* [What you will do]
Write out the stretch of lines below that begins at the line with "- Unique Butterfly" and ends at the line with "Набор шариков елочных", including both, exactly as given and nothing more.

* [The data]

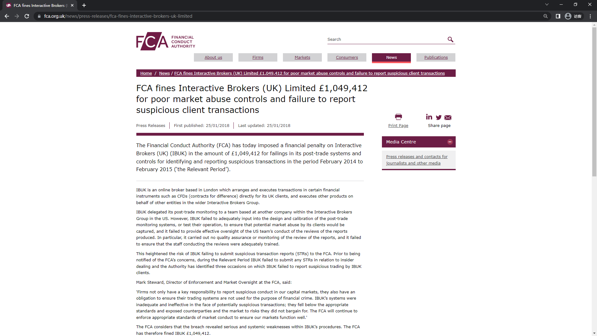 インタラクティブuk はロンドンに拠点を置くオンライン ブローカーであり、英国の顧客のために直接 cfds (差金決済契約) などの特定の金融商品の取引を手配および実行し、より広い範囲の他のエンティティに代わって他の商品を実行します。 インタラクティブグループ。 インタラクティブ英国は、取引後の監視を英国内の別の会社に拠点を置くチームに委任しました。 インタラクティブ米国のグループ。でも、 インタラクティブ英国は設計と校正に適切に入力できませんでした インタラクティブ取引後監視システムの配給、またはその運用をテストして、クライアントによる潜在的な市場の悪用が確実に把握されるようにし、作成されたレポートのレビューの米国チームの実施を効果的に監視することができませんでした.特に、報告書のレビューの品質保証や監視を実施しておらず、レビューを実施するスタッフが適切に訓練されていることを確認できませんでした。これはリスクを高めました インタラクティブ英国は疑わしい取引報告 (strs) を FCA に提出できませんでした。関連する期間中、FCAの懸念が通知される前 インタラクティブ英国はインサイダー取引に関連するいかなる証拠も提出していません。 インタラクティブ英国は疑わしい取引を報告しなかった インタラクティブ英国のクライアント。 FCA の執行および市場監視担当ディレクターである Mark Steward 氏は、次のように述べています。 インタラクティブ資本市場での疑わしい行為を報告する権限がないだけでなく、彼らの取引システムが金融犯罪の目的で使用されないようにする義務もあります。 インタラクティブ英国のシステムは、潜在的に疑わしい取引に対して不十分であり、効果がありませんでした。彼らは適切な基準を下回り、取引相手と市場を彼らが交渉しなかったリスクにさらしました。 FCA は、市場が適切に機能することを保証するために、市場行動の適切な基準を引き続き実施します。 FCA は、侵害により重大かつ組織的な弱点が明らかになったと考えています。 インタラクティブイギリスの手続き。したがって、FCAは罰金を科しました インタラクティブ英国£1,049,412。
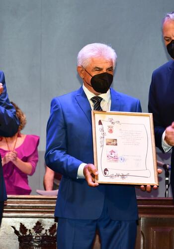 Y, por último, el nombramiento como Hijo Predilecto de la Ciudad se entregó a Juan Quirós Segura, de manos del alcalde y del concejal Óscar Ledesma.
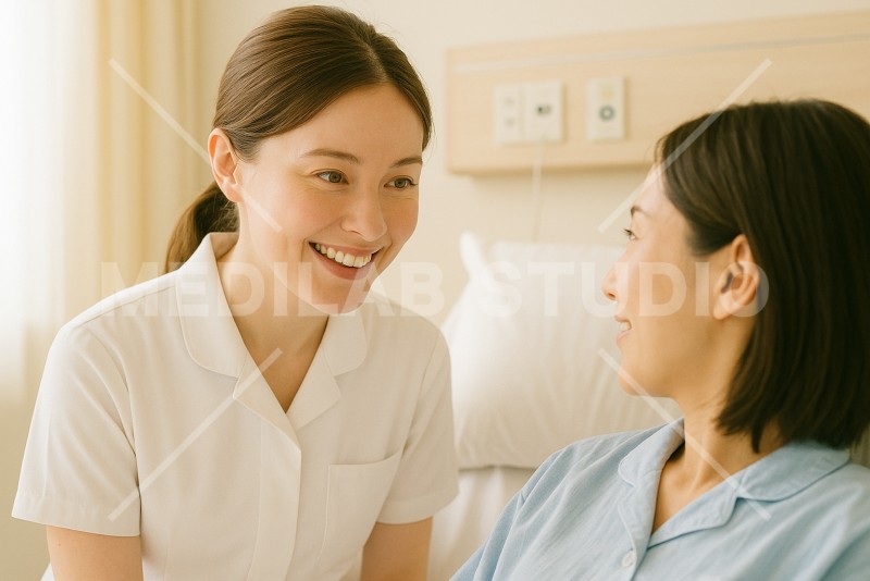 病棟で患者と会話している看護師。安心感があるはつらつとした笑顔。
* * *
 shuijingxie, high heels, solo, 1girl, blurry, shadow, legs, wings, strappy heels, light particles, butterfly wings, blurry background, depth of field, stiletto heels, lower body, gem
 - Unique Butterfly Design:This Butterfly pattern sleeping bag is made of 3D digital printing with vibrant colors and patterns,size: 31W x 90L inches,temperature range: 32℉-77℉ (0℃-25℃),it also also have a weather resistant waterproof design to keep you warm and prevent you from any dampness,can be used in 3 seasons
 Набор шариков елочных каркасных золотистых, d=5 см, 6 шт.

* [Exercise answer]
 - Unique Butterfly Design:This Butterfly pattern sleeping bag is made of 3D digital printing with vibrant colors and patterns,size: 31W x 90L inches,temperature range: 32℉-77℉ (0℃-25℃),it also also have a weather resistant waterproof design to keep you warm and prevent you from any dampness,can be used in 3 seasons
 Набор шариков елочных каркасных золотистых, d=5 см, 6 шт.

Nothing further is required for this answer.